Since honey appears to regulate immune responses, it can be used as an additive to scaffold materials in individuals with bone infections (Hixon et al., 2018). Evidence suggests that Manuka honey reduces inflammation, promotes collagen deposition and fibroblast migration, and acts as a potent promoter of tissue/material integration and regeneration, accelerating tissue healing around the wound (Leong et al., 2012; Ranzato et al., 2012; Sell et al., 2012). Cryogels, which maintain a three-dimensional structure with proper porosity and elasticity, have been considered attractive tools in bone tissue engineering. Recently, the incorporation of honey into cryogels has gained interest as a means to prevent bacterial contamination (Minden-Birkenmaier and Bowlin, 2018). Hixon et al. incorporated different amounts of Manuka honey into gelatin or silk fibroin cryogel mineralized scaffolds. The results showed proper porosity, mechanical properties, cell infiltration, and inhibition of bacterial infection when bone healing took place in the presence of 5 % Manuka honey in silk fibroin cryogel. These characteristics are crucial for bone tissue regeneration (Hixon et al., 2018). The same group also reported that honey had no effect on MG-63 osteosarcoma cell mineralization in vitro (Hixon et al., 2018).

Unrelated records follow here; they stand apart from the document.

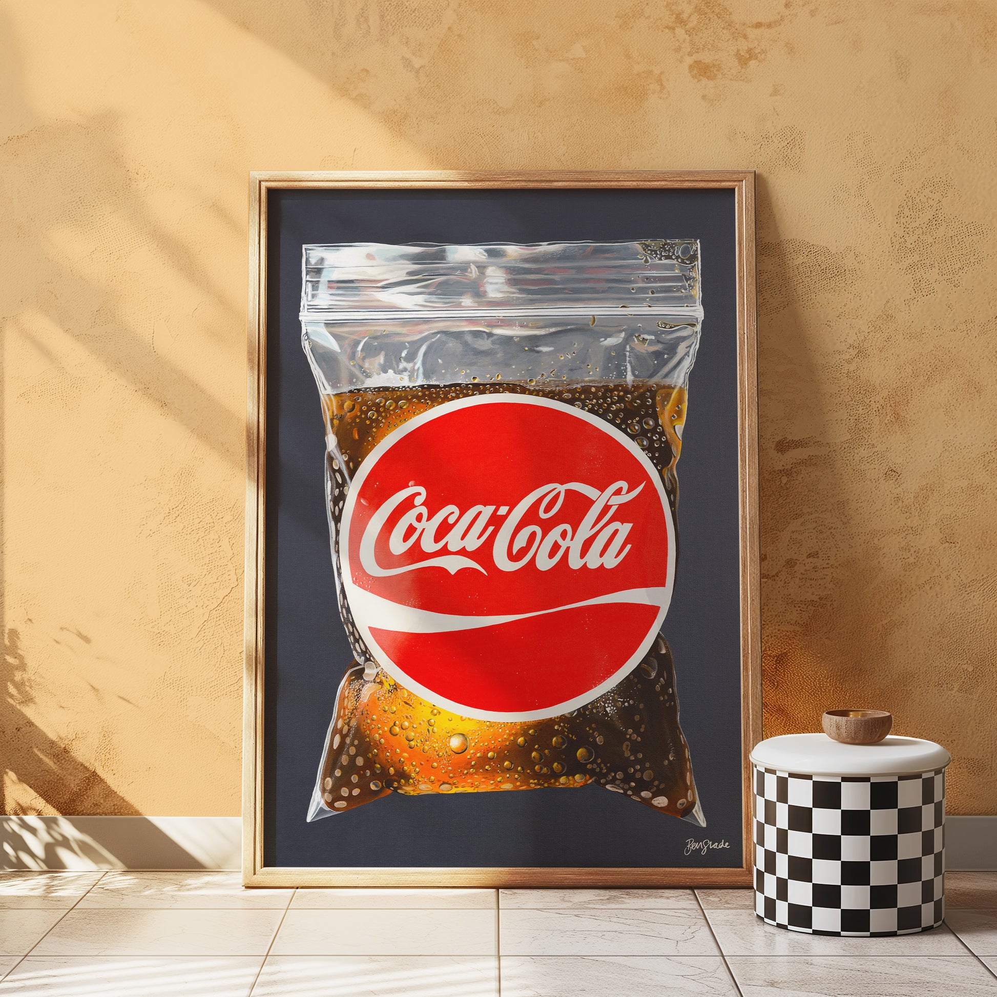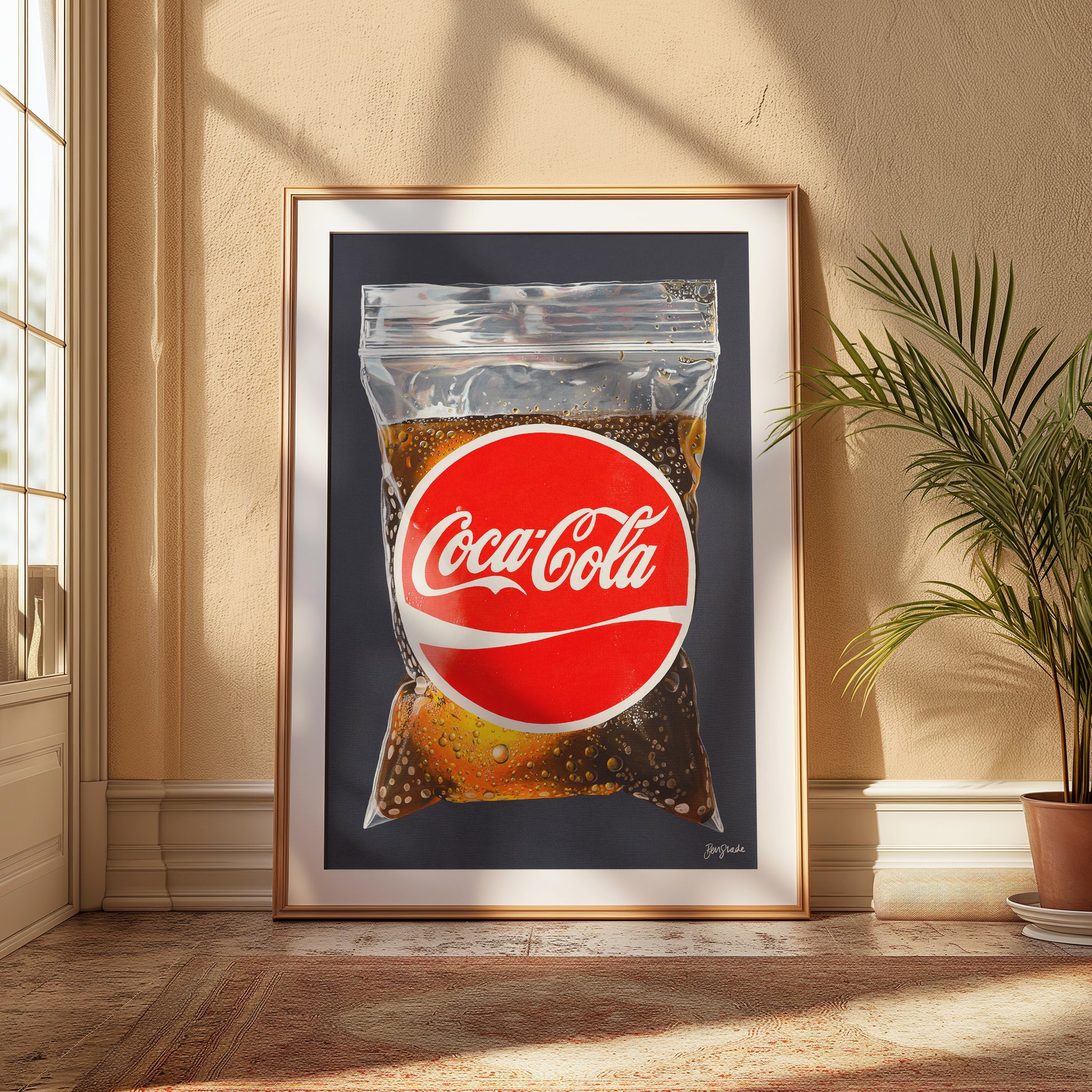 Tryckt reproduktion av det ursprungliga akrylkonstverket "Coke" av Ben Slade.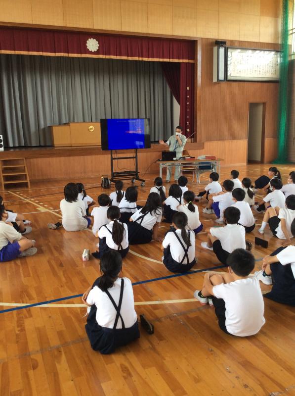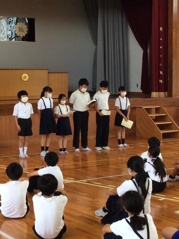 6年生による戦争についての説明や読み聞かせがありました。また全校で平和を願って折り紙の鶴をおりました。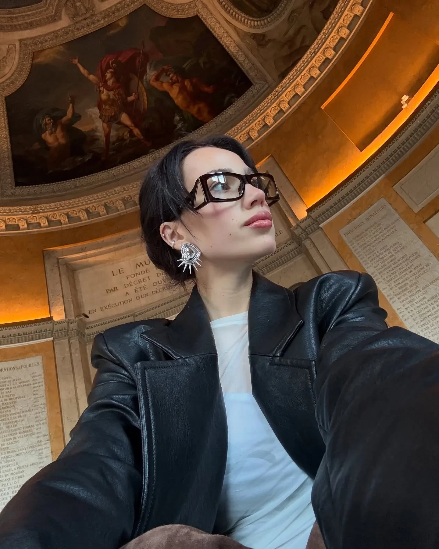 На фото Загитова позирует на фоне знаменитого полотна Паоло Веронезе "Брак в Кане Галилейской", а также рядом с картиной Леонардо да Винчи "Мона Лиза", где попыталась воспроизвести знаменитую улыбку "Джоконды". Для посещения музея спортсменка выбрала полупрозрачную майку, трендовые коричневые ботфорты и очки в толстой оправе.

The 45S5 BG scaffold, produced through the foam replication technique (Chen and Boccaccini, 2006), has been extensively studied for its use in bone tissue engineering and as a bone substitute material. Coating scaffolds with polymers is a common method to combine drug delivery carriers with scaffolds in bone tissue engineering. Zein, a corn protein, is a biodegradable and biocompatible polymer known for its film-forming abilities and has been used in tissue engineering and as a drug delivery carrier. A new scaffold has been developed by coating the 45S5 BG scaffold with the biopolymer zein, which is incorporated with manuka honey as an antibacterial agent (Arango-Ospina et al., 2021).

PU has been widely used in tissue engineering due to its flexibility, barrier properties, and oxygen permeability (Khil et al., 2003). PU has also been produced by incorporating olive oil, honey, and propolis and studied for its application in bone tissue engineering (Jaganathan et al., 2018). Additionally, electrospun honey nanofibers incorporated with garlic, edible mushrooms, and mint have been prepared and shown to have beneficial properties for bone and skin repair and regeneration (Shahbazi and Bahrami, 2019).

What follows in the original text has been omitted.